**Exercise prompt:** Would you transcribe the listing that follows word for word, skipping pictures?

**Raw data:**
----------

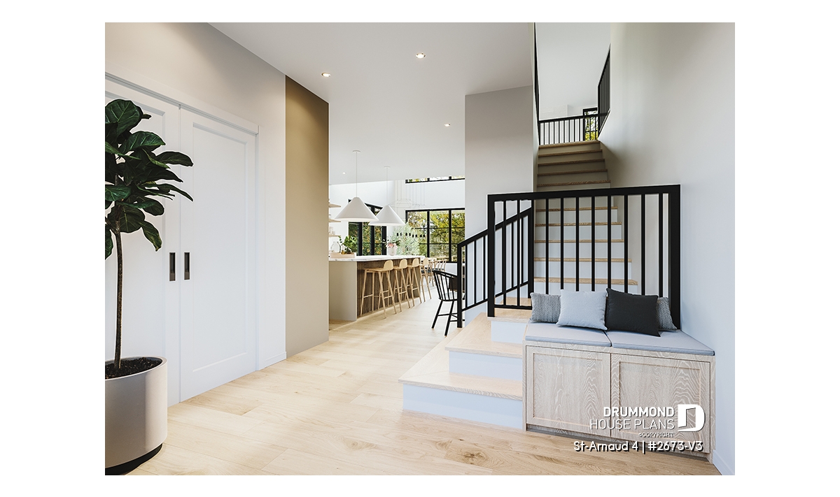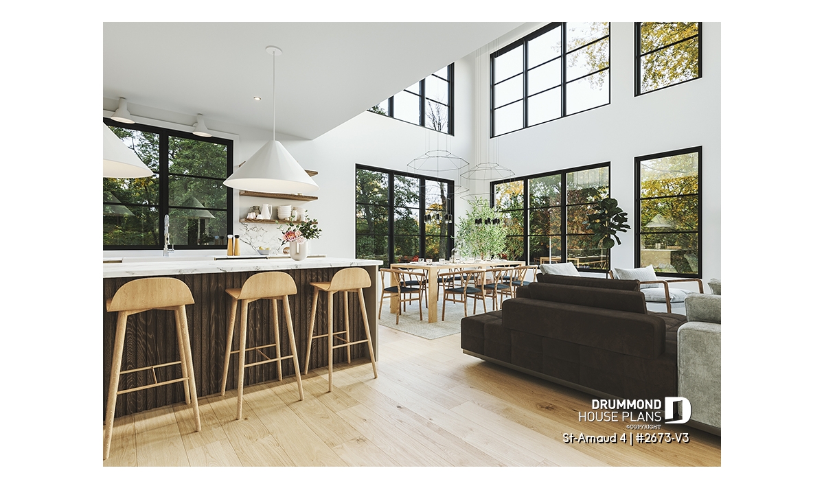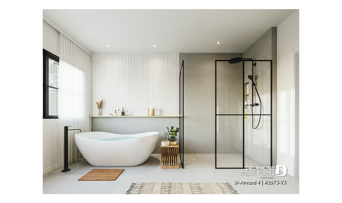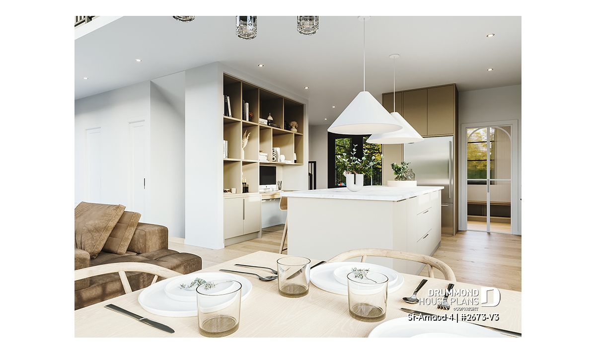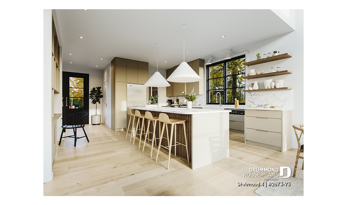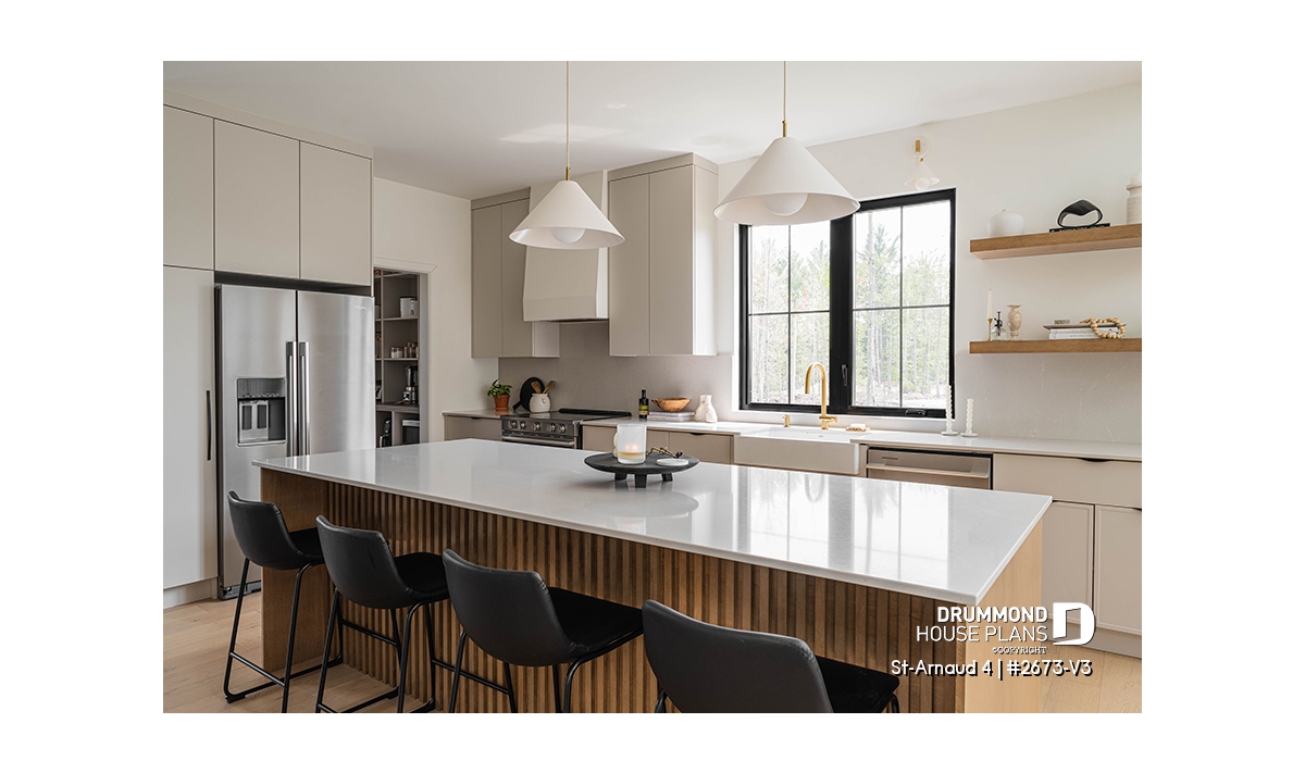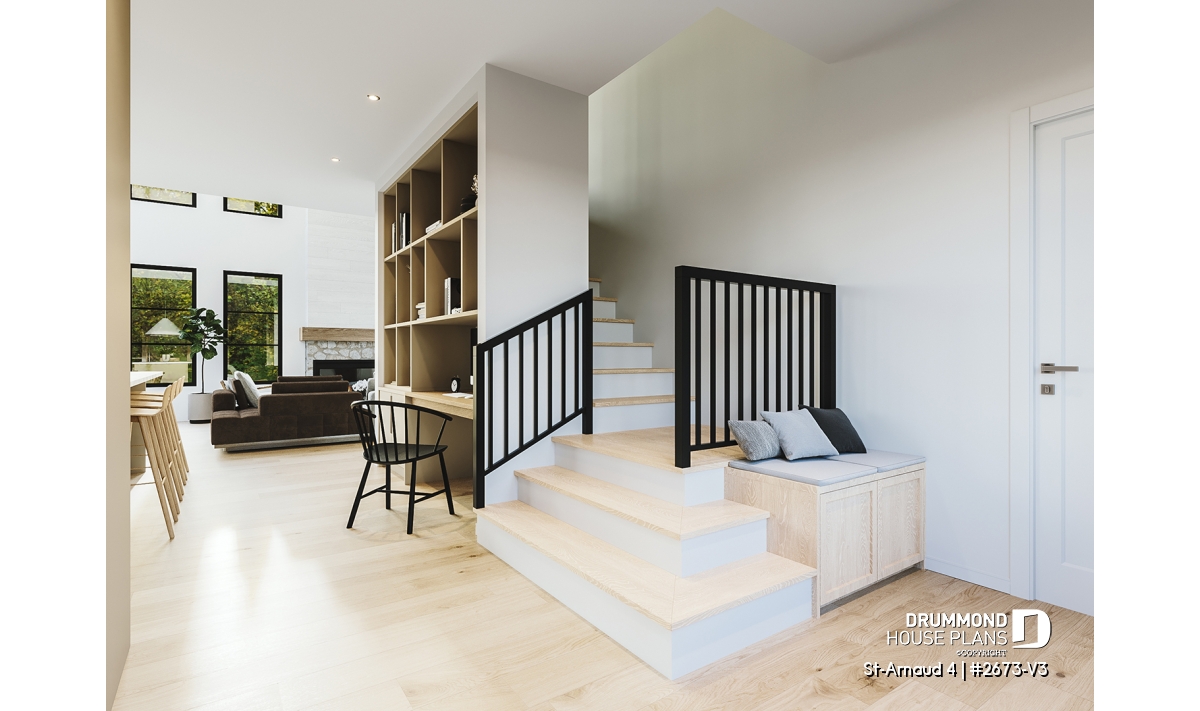 House plan ST-ARNAUD 4 (#2673-V3) is the 4th and smaller version of an already popular collection here at Drummond House Plans! With all the conveniences of its previous Farmhouse versions, the St-Arnaud 4 offers a more refined Scandinavian-inspired look.
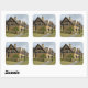 Pegatina de fotografía de recuerdo con las casas de Shakespeare con entramado de madera en el pueblo de Broadway, en Cotswolds, Inglaterra, Reino Unido.
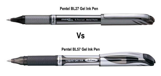 The Pentel EnerGel BL27 is the basic 0.7mm metal tip model, offering a slim aesthetically pleasing capped barrel in a pen that delivers dark, even lines. Its big brother is the Pentel EnerGel Deluxe BL57, which is everything the basic model is and then some.

----------

**Answer box:**
 House plan ST-ARNAUD 4 (#2673-V3) is the 4th and smaller version of an already popular collection here at Drummond House Plans! With all the conveniences of its previous Farmhouse versions, the St-Arnaud 4 offers a more refined Scandinavian-inspired look.
 Pegatina de fotografía de recuerdo con las casas de Shakespeare con entramado de madera en el pueblo de Broadway, en Cotswolds, Inglaterra, Reino Unido.
 The Pentel EnerGel BL27 is the basic 0.7mm metal tip model, offering a slim aesthetically pleasing capped barrel in a pen that delivers dark, even lines. Its big brother is the Pentel EnerGel Deluxe BL57, which is everything the basic model is and then some.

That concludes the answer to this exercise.